- Directed by: Steven Peros
- Written by: Steven Peros
- Produced by: Steven Peros John Peros
- Starring: Sybil Temtchine H.M. Wynant Pippa Scott
- Cinematography: Adam Teichman
- Edited by: Travis Rust
- Music by: Christopher Caliendo
- Distributed by: Paladin Films
- Release date: April 15, 2011;
- Running time: 80 minutes
- Country: United States
- Language: English

= Footprints (2011 film) =

Footprints is a 2011 American independent film written by Steven Peros and marking his feature directorial debut. The film stars Sybil Temtchine, H.M. Wynant, and Pippa Scott.

==Plot==
A woman (Sybil Temtchine) wakes up at sunrise on the footprints and handprints of Grauman's Chinese Theatre in Hollywood with no idea who she is or how she got there. Upon awakening, she wonders if she isn’t, in fact, lost in a dream.

Regardless of whether she is dreaming or wide awake, she sets off on her journey, from one person to the next, one famous locale after the other. Among the Hollywood fringe denizens with whom she comes into contact are a pair of tour guides, two superhero impersonators, a Scientology auditor, and a poster shop owner. She is also disquietingly followed by a Stranger who may be real or a figment of her unsteady imagination.

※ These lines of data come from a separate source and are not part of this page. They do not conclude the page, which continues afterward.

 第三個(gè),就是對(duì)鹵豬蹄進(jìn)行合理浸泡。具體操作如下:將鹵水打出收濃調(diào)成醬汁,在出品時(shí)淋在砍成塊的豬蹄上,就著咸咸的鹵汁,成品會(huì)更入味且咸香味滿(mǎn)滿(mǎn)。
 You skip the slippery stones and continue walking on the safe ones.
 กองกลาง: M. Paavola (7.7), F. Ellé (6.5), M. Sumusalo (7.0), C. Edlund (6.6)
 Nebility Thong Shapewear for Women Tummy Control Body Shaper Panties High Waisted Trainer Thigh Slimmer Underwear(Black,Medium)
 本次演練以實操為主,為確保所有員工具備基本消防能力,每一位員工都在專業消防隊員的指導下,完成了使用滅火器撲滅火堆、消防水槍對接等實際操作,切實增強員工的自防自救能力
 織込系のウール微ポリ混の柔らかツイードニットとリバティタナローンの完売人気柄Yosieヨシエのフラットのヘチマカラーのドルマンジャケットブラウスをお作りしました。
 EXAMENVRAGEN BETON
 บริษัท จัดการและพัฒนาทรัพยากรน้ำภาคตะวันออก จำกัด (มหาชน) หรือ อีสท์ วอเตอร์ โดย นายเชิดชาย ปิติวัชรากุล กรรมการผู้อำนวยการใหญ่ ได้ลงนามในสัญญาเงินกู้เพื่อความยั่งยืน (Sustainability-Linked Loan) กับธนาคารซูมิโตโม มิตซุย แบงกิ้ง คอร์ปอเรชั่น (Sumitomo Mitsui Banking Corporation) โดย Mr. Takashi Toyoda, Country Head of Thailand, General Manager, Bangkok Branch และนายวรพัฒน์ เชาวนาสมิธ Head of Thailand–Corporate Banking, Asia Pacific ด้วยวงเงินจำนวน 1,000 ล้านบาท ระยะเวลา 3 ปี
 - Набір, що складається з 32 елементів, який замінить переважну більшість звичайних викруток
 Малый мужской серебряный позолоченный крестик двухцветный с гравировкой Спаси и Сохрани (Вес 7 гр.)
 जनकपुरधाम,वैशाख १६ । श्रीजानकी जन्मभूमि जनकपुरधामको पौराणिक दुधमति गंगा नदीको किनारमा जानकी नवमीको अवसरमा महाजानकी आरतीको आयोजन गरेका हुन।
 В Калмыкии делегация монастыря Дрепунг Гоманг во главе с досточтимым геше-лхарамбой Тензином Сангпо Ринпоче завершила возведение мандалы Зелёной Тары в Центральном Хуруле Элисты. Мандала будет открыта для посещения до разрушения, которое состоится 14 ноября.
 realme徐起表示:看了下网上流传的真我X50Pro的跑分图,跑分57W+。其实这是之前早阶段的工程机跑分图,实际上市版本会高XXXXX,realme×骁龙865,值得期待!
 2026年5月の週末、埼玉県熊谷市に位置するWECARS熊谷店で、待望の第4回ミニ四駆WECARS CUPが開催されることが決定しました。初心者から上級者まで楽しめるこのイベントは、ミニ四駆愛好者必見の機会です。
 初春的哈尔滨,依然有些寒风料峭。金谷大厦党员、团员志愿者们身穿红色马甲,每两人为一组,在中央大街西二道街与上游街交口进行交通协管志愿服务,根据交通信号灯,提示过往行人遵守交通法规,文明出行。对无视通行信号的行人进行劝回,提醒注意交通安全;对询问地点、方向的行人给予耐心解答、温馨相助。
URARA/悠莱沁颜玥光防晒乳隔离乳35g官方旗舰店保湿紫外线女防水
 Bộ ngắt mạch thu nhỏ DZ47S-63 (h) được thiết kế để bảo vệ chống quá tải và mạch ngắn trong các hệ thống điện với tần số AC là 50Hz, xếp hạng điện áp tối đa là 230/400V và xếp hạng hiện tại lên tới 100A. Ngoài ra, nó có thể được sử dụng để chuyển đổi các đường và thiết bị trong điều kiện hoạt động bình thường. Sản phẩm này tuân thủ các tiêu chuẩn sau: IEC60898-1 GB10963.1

Although her feet only fleetingly leave Hollywood Boulevard, by sundown Our Gal will piece together the revelatory truth about her existence and the reason for her awakening, forcing her to make choices that will literally result in either her life or death.

==Cast==
- Sybil Temtchine as Our Gal/Daisy
- H.M. Wynant as Victor
- Pippa Scott as Genevieve
- John Brickner as E-Man
- Catherine Bruhier as Cat Woman
- Charley Rossman as Mike the Tour Guide
- Riley Weston as Super Girl
- Joe Roseto as The Auditor
- R.J. Cantu as Manny
- Jeris Lee Poindexter as The Homeless Man
- Kirk Bovill as The Stranger
- Jim Braswell as Robert
- Steve Pacini as Robo Dude

==Release==
The film was released theatrically in Manhattan and Los Angeles on April 15, 2011. It was not submitted for rating by the MPAA. After being hailed as "One of the Ten Best Films so far this year" by Armond White, Chairman of the New York Film Critics Circle in his annual mid year report (White had also praised the film at length when it was first released), it expanded to San Francisco, and other cities in December 2011 where Mick LaSalle applauded it in the San Francisco Chronicle. It was released on DVD, VOD, and Digital Download in June, 2012.